Registers: pc, fp; there is no ap register (no tracked allocation pointer in the VM state).

2.2.3 ISA and Precompiles

Core instructions:

add/mul
deref
conditional jump

Precompiles:

POSEIDON_16: Poseidon2 permutation over 16 field elements
POSEIDON_24: Poseidon2 permutation over 24 field elements
DOT_PRODUCT: Computes a dot product between two slices of extension field elements.
MULTILINEAR EVAL: interpret a memory chunk as a multilinear polynomial over the base field and evaluate at an extension-field point; implemented via sparse equality constraints in WHIR, with no dedicated AIR table.

2.3 Reduced Commitments

2.3.1 Execution Table Commitments

Per cycle, the execution table commits five base-field elements:

$\text{pc}, \text{fp}, \text{addr}_a, \text{addr}_b, \text{addr}_c$

2.3.2 Instruction Encoding and Bytecode Lookup

Each instruction is described by 15 field elements:

operands:
$\mathrm{operand}_a,\ \mathrm{operand}_b,\ \mathrm{operand}_c$
flags:
$\mathrm{flag}_a,\ \mathrm{flag}_b,\ \mathrm{flag}_c$
opcode flags: 8 one-bit selectors
auxiliary field:
$\mathrm{aux}$

Instead of committing these 15 elements per cycle, the execution table commits only pc, and a LogUp*-based indexed lookup proves that the correct instruction row in the bytecode table is used.

2.4 Precompile Interaction Model: Two Buses

Precompiles live in dedicated tables and are connected to the execution table and memory via two logical “buses”.

2.4.1 Bus 1: Execution → Precompile Tables

For each precompile call, the tuple

(i_{\mathrm{precompile}},\ \nu_a,\ \nu_b,\ \nu_c)

appearing in the execution table must also appear in the corresponding precompile table.

A permutation/grand-product argument enforces this inclusion: the multiset of tuples requested in the execution table must match the multiset of tuples present in precompile tables.

2.4.2 Bus 2: Precompile Tables → Memory

Each precompile row accesses memory and enforces correctness of the corresponding computation (for example, Poseidon over a block, or a dot product over an extension-field vector).

This is done by:

Using the addresses recorded in the precompile table
Performing memory lookups
Enforcing that the precompile outputs match the specified function of the fetched inputs

When memory accesses are aligned, power-of-two blocks (e.g., Poseidon16 with alignment 8), lookups can be optimized by folding memory regions to reduce lookup cost.

2.5 Commitment and Opening Schedule (Two-Phase)

The commitment scheme operates in two phases:

Phase 1: Commit to:
- Memory
- Execution table
- Precompile tables for poseidon16, poseidon24, and dot_product
Phase 2: After sampling random challenges (Fiat–Shamir), commit to pushforwards for the two logup* lookups:
$\mathrm{memory}_{\mathrm{lookup}},\quad \mathrm{bytecode}_{\mathrm{lookup}}$

Finally, all required values are opened at sampled points across these commitments, and all AIR, lookup, and bus constraints are verified at those points.

2.6 Polynomial Packing

The system uses multilinear polynomials (primarily AIR columns and table columns).
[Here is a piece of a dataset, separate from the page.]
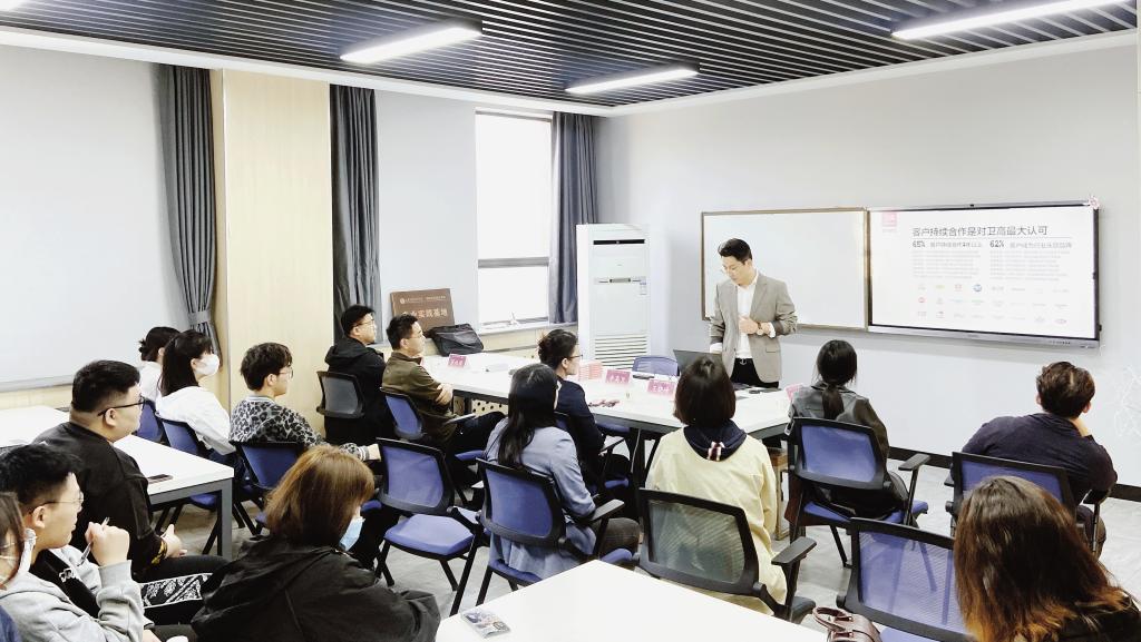 辛高卫为同学们做了题为《设计的商业价值》讲座分享。课程通过详实案例结合自身的多年经历、经验,为同学们现身说法,助力同学们更好走向专业就业之路。

Instead of committing each polynomial separately, multiple polynomials $P_i$ are packed into a single polynomial $P$ , reducing both:

The number of commitments
The number of openings

Evaluation claims on each $P_i$ at some point are reduced to evaluation claims on $P$ via:

Chunking each $P_i$ into a small number of power-of-two blocks
Treating evaluation of $P_i$ as a combination of “inner evaluations” within these blocks
Encoding these inner evaluations as sparse equality constraints on the packed polynomial $P$

This avoids running a separate sumcheck over each $P_i$ and amortizes costs.

3. Implementation of Prover

See prove_execution in leanMultisig

3.1 Execution witness generation

The system begins by executing a program written in lean lang ISA, capturing the entire execution trace of the virtual machine. This includes the state of key registers (e.g., pc, fp) at each step, memory read operations, and invocations of any precompile operations. Memory is modeled as immutable input and logged during execution, forming the primary witness.

3.2 AIR Table Construction

From the execution witness, the system constructs:

Execution Trace Table: Tracks VM state evolution (registers, flags) across cycles.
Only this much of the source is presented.